THE PROBLEM: In the data below, the copy begins at the line containing "Bácskai Hirlap, 6." and runs through the last line; repeat those lines exactly, minus the pictures.

Stored data:
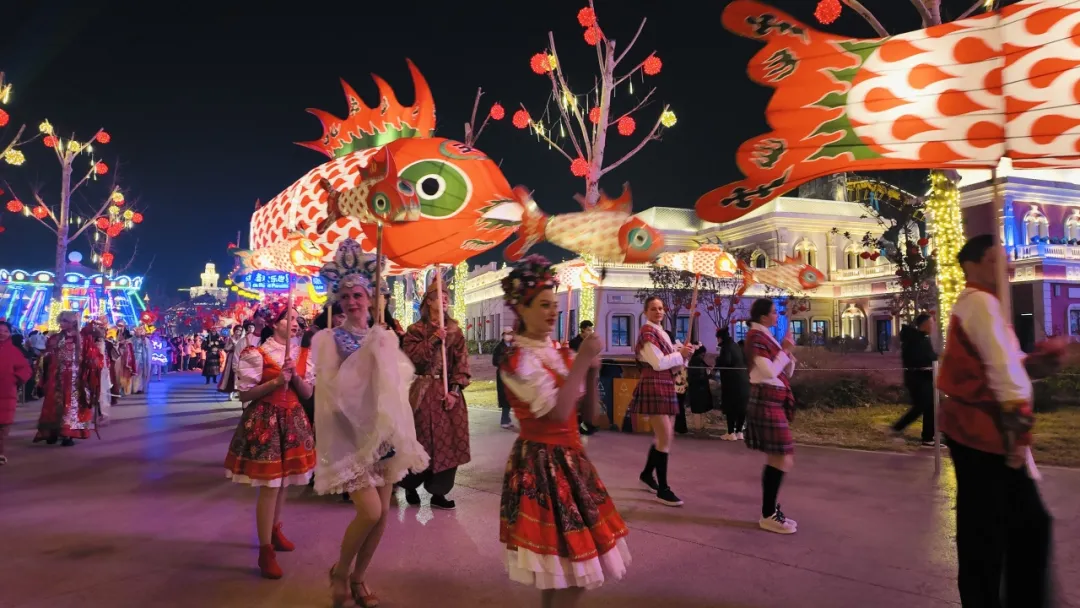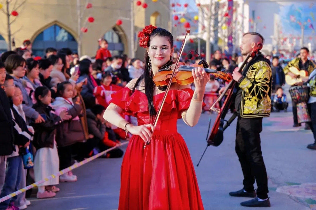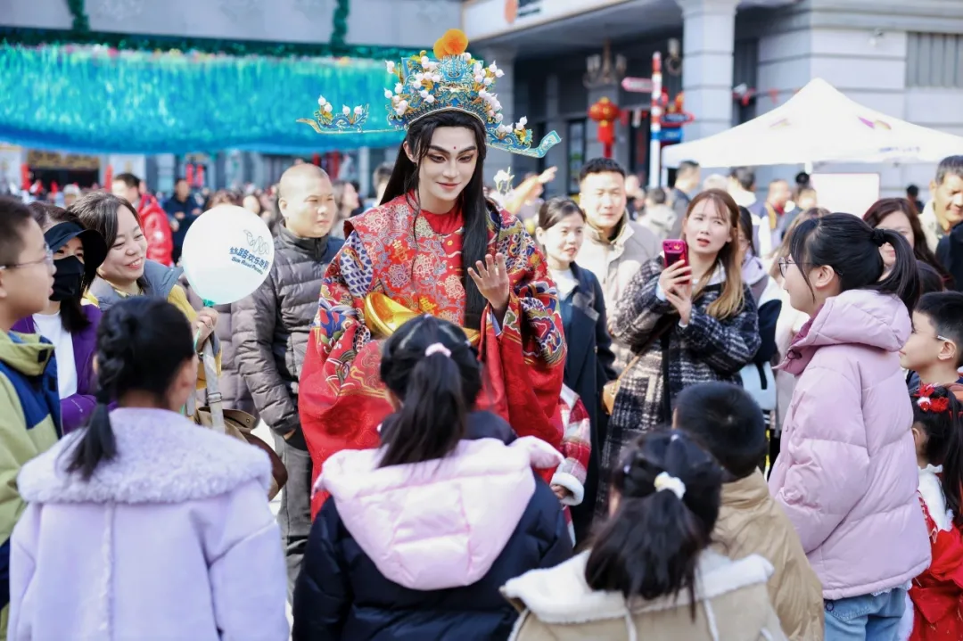欧式浪漫直接拉满,演员身着华丽欧式礼服,沿街巡游主动和游客互动送惊喜。还有百万网红NPC“鹿荼白”化身丝路“使者”沉浸式解锁欧式新春仪式感,少女心直接被戳中。
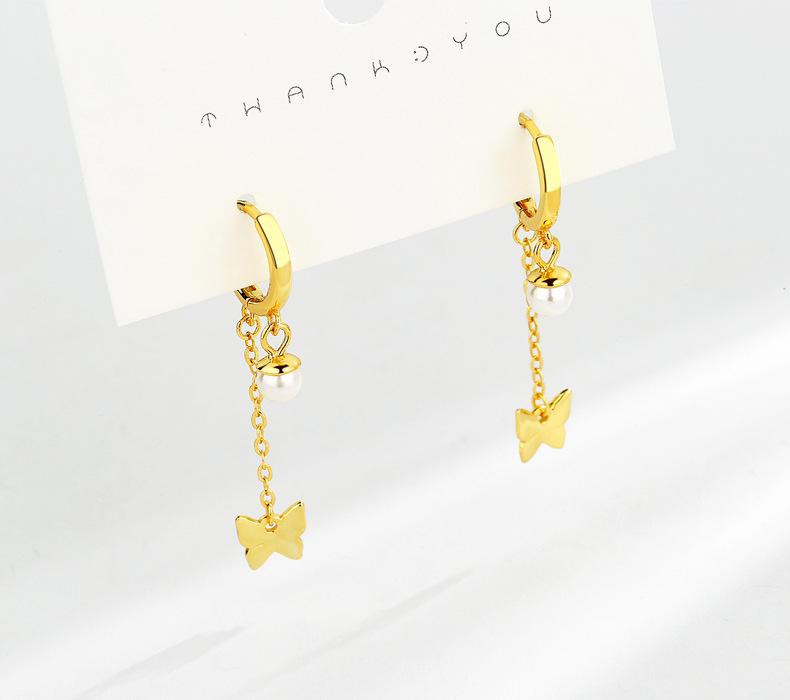 Pendientes de plata de ley S925 para mujer, nuevos y modernos, con diseño de mariposa, dorados y sencillos, estilo coreano.
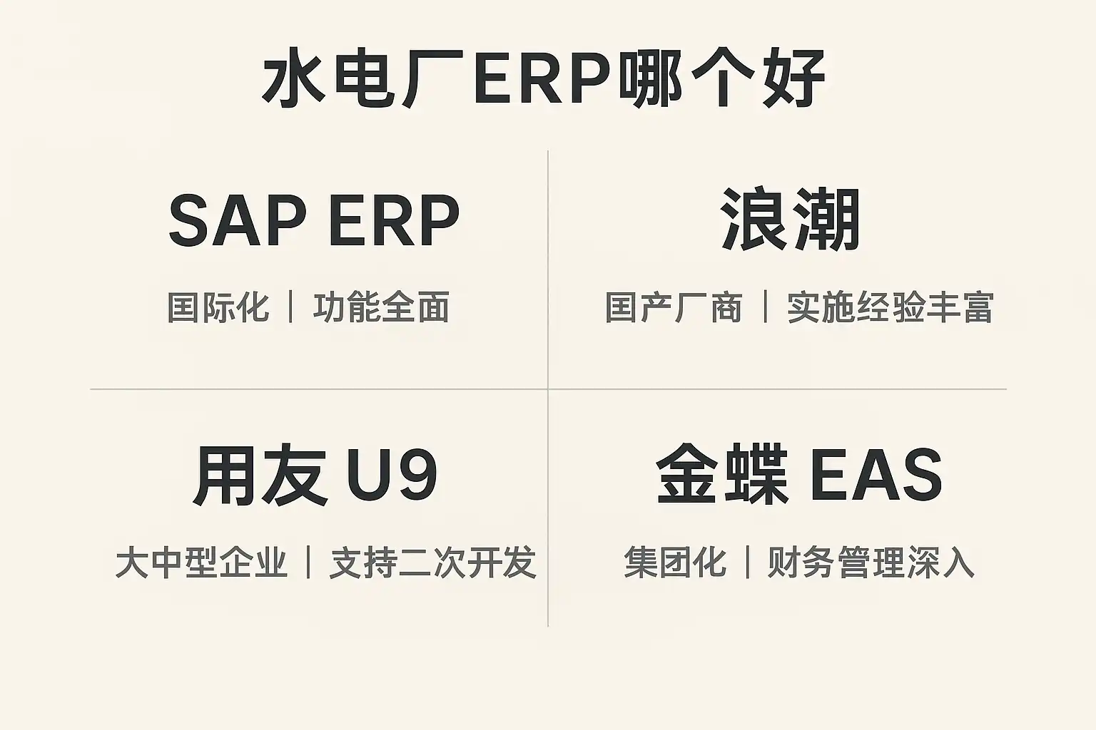 目前常见的可用于水电行业的主流ERP系统,包括国内外知名品牌及新兴SaaS产品。以下是部分代表性产品横向对比:
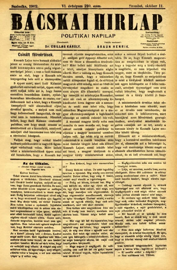 Bácskai Hirlap, 6. évf. 1902. október 11. 210. sz.
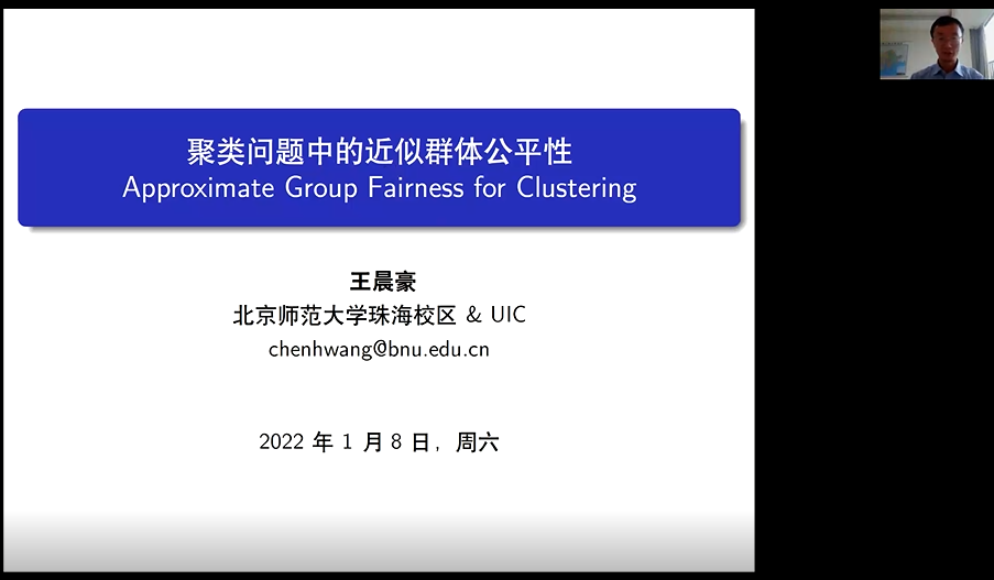 最后一位主讲人为来自北京师范大学珠海校区和北师港浸大的王晨豪博士,王博士的报告题目为:聚类问题中的近似群体公平性(Approximate Group Fairness for Clustering)。本报告主要围绕如何定义公平和如何设计有效的算法来保证公平性来展开。

EXERCISE RESPONSE:
 Bácskai Hirlap, 6. évf. 1902. október 11. 210. sz.
 最后一位主讲人为来自北京师范大学珠海校区和北师港浸大的王晨豪博士,王博士的报告题目为:聚类问题中的近似群体公平性(Approximate Group Fairness for Clustering)。本报告主要围绕如何定义公平和如何设计有效的算法来保证公平性来展开。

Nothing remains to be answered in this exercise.